Eric Coffin offers comments regarding MINThis was released yesterday in Eric's HRA newsletter:
"Ive got a number of thoughts on the current market situation and how the potential for a trade war is playing out. I've decided to put those in the next Journal editorial rather than here, though I'm sure its clear to most of you that heightened fears of major trade actions is definitely impacting metals, and base metals particularly. Not the sort of market management groups really wants to release news into, but some things you can't sit on. This morning's news, and the reaction to it is a perfect example.
Excelsior Mining (MIN-T; off 12 cents on 1020k shares at $1.19) confirmed this morning that the EPA has granted Excelsior the final permit required for the operation of its Gunnison copper project, effective August 1st . In last week's update, I noted that while this sort of announcement often generates some "sell on news" I was hoping that selling over the last couple of weeks would have pulled some of that forward, leading to less selling on the day of the announcement.
No such luck. MIN is getting sold hard today, much harder than I would have expected after such a positive announcement. I clearly underestimated how much stock was bought to "play" this release which was overdue and highly anticipated. I find the logic behind the selling a little odd. If you were a buyer because you believed in the project's value, why be this quick to sell if you 're not seeing your price yet? And if you didn't believe in the project's value in the first place, why would you be trying to play the permitting release at all?

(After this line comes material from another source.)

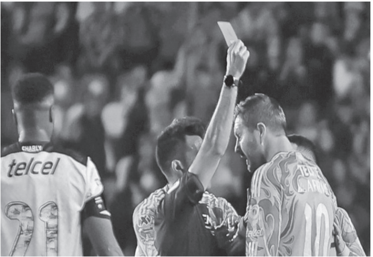
نفض البلد

عام ٢٠٢٠ في الدوري، ثم أمام أورلاندو الأميركي عام ٢٠٢٣ في مسابقة دوري أبطال الكونتكاف، بفضل تدخل حكم الفيديو المساعد (في آيه آر).

Without a doubt, the timing of the release is not helping. Markets generally are getting hit hard today with indices in NY crashing though important technical levels and base metals seeing heavy selling too, since the fears are centered on trade, and particularly China , the worlds largest base metal user. And we're seeing enough volume today for a "volume begets volume" meme to set in.
At the current trading price, MIN is carrying a current market value of US$180 million and an enterprise value of $155 million. That's against an NPV of US $807 million, after tax, using a $2.75 copper price and a 7.5% discount rate. I've noted many times that its common for companies to trade at a discount of their project NPV. That's true, but an 80%+ discount for a company that now has a fully permitted project with a completed feasibility study is definitely a bit much.

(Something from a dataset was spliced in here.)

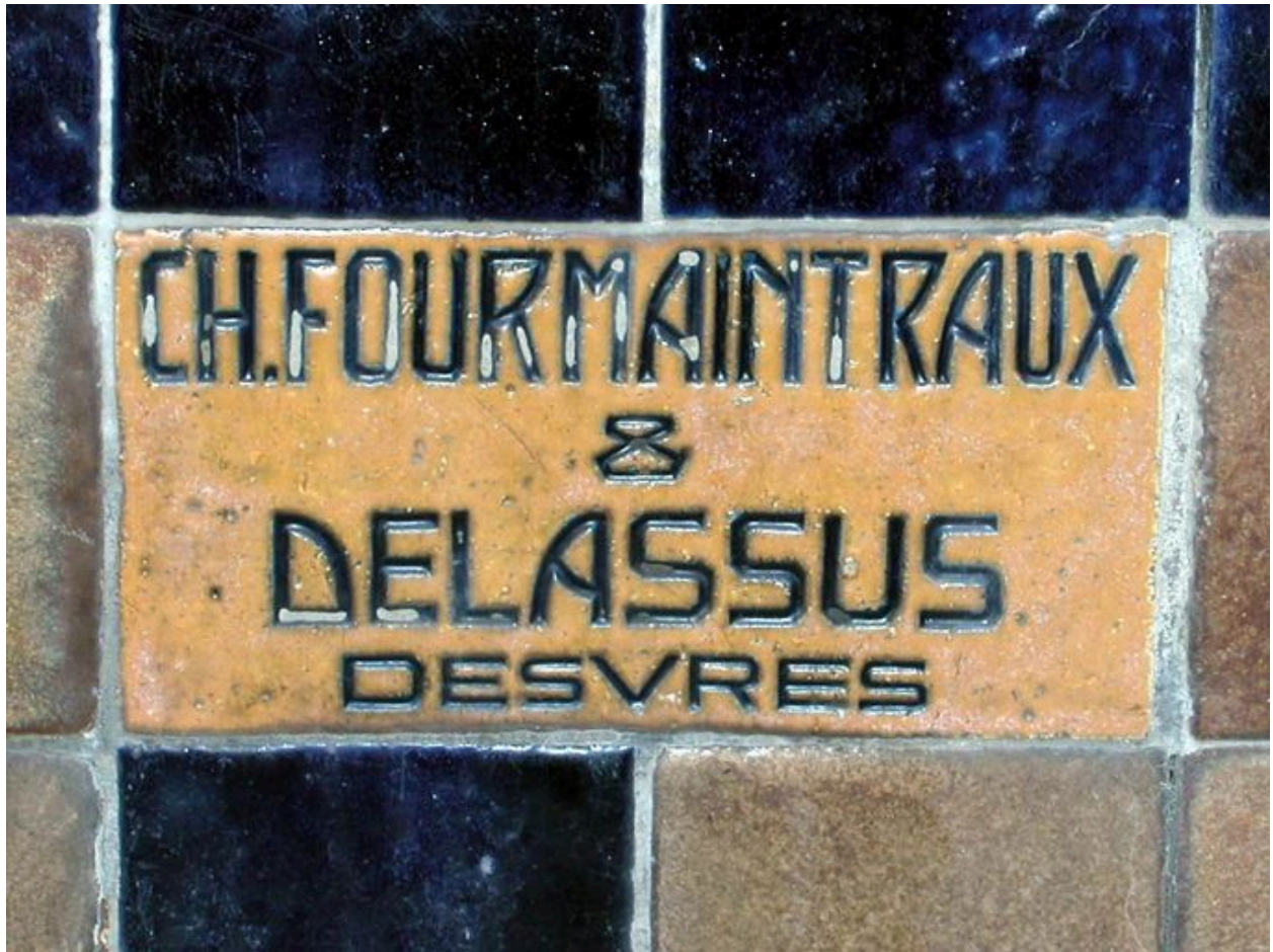
Détail du carreau de céramique portant signature du décor porté.

Jurisdictional and financing risk are the other common reasons for a big discount to NPV and, again, those do not apply in the case of Excelsior. The US is among the safest jurisdictions and the fact Gunnison now has all permits in hand should mitigate those concerns anyway. I've stated many times that I consider the financing risk at Gunnison to be close to zero and that too has not changed.
The staged development approach carries an up front capex of US$49 million. Even if MIN raised all of that with equity, and that is definitely not the plan , we're talking about maybe 25% dilution if the deal is done at a crappy price. Again, this doesn't justify the selling if even that much dilution paves the way to start-up on a project with an $US800 million NPV that would start production in months, not years."